Kevin Baker keeps on finding new veins to mine for New York City's history. Already known for his "City of Fire" trilogy of historical novels featuring immigrants, sweatshop workers and the marginalized people who built the city, Baker's new book, "The Big Crowd," is a sort of City Hall noir novel.
In 1953, idealistic prosecutor Tom O'Kane's sleuthing leads him to find out by degrees the truth about his idolized older brother, Charlie, back when he was a district attorney and then mayor of New York City. The city never had a Mayor Charlie O'Kane (though it did have a Mayor William O'Dwyer with a very similar biography), but the fictitious brothers rub shoulders with real-life mid-20th century wheeler-dealers ranging from master builder Robert Moses to Cardinal Spellman. As Tom O'Kane learns more about his charismatic but flawed brother, more is revealed about the seamier side of the men who run the city, or as one character calls them "gangsters with better suits."

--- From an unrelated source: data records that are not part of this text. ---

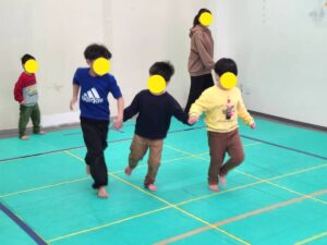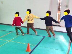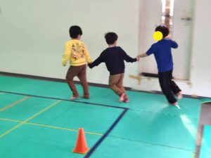 二人三人四人で手を繋いで走ったよ!曲がり角に気を付けて!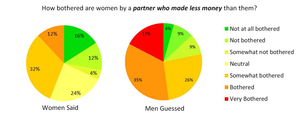 To answer this question, my colleagues and I conducted a survey with Midwestern undergraduate students in which we asked women how bothered they would be if their long-term romantic partner made less money than they did (Clerkin & Hong, in preparation; Sarma & Clerkin, 2013). The majority of women were not bothered, while 12% said they would be bothered. We also asked men how bothered they would be if their long-term romantic partner made more money than they did. The majority said they would not be bothered, and 24% reported they would be bothered/very bothered.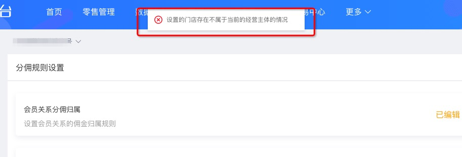 若出现如下错误提示,说明第三项设置选择参与分佣的导购范围时,选择的门店不是都在当前旗舰店下的门店,需要返回进行修改,再上线
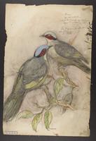 Drawing depicting: Ptilinopus fischeri -- Red-eared Fruit Dove. Alternate name on piece: Ptilopus fischeri [Fischer's fruit-pigeon]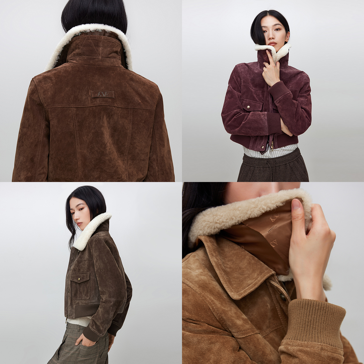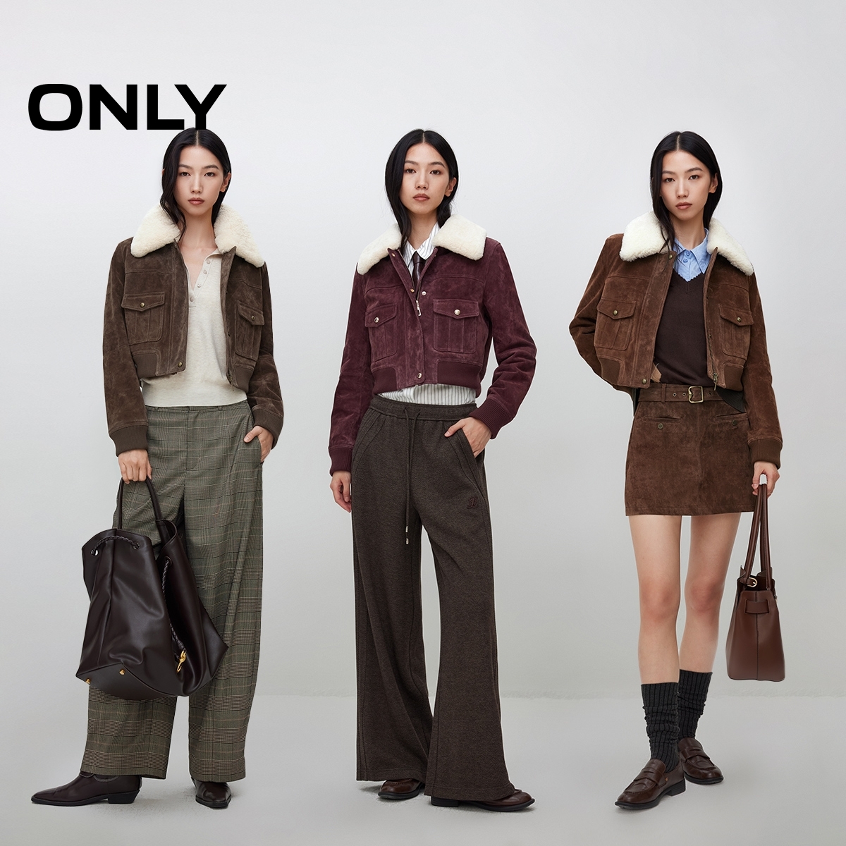 正肩可拆卸毛领设计长袖 潮酷风短款 皮衣外套女 新款 ONLY2025秋季

Too many historical fiction writers rely on gimmicks (Freud solves a murder mystery with help from Viennese circus acrobats!), but Baker has always been more interested in using historical events as a jumping-off point to explore the layers of the city.
In this book, the 1939 killing of the charismatic longshoreman champion Peter Panto becomes an entry point for describing a waterfront dominated by corrupt bosses and their goons. And the 1941 death of mobster turned stool pigeon Abe Reles is a vehicle to explore the city's robust underworld. Reles plunged to his death from a hotel window in a Coney Island hotel while under heavy police protection. Baker weighs in on the lingering debate on whether he was pushed or was trying to escape.

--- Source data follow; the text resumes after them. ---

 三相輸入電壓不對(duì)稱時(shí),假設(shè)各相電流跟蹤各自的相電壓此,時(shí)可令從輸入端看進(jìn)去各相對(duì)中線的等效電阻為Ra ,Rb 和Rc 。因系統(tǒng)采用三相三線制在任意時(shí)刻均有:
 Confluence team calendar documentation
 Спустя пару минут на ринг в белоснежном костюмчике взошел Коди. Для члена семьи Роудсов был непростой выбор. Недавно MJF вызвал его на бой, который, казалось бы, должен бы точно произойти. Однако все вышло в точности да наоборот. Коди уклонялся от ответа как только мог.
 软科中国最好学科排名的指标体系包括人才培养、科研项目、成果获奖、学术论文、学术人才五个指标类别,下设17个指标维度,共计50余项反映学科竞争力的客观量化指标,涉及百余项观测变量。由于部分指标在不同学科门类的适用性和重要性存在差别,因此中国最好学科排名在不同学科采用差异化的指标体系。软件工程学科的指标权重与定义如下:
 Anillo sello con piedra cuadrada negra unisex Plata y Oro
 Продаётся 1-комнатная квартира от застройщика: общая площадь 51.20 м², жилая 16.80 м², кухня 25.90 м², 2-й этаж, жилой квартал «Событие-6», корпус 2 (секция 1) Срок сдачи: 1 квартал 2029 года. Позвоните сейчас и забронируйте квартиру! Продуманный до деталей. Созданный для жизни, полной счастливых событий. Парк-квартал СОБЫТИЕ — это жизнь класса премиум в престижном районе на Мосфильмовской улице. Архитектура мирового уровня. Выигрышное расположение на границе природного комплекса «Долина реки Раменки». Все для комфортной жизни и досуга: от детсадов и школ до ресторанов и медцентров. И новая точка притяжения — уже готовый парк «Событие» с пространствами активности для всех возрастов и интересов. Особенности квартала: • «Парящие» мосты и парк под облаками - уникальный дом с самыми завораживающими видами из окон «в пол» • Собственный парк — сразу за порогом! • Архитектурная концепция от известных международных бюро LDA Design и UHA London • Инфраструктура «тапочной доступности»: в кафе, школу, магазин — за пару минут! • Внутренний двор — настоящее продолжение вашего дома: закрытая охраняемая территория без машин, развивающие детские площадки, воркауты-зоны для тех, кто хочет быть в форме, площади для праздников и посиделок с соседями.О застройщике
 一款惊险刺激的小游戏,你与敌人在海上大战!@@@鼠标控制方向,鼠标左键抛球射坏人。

There are weak links in the book, particularly the romantic relationship between Tom O'Kane and his brother's estranged wife, Slim. The relationship adds little to the story and the dialogue between the pair sometimes sounds like it clanked on over from a dime novel.
But Baker is a fluid writer with a clear grasp of history who can make vivid the scene of Toots Shor's legendary joint or the apartment of a Bronx family being displaced by the Cross Bronx Expressway.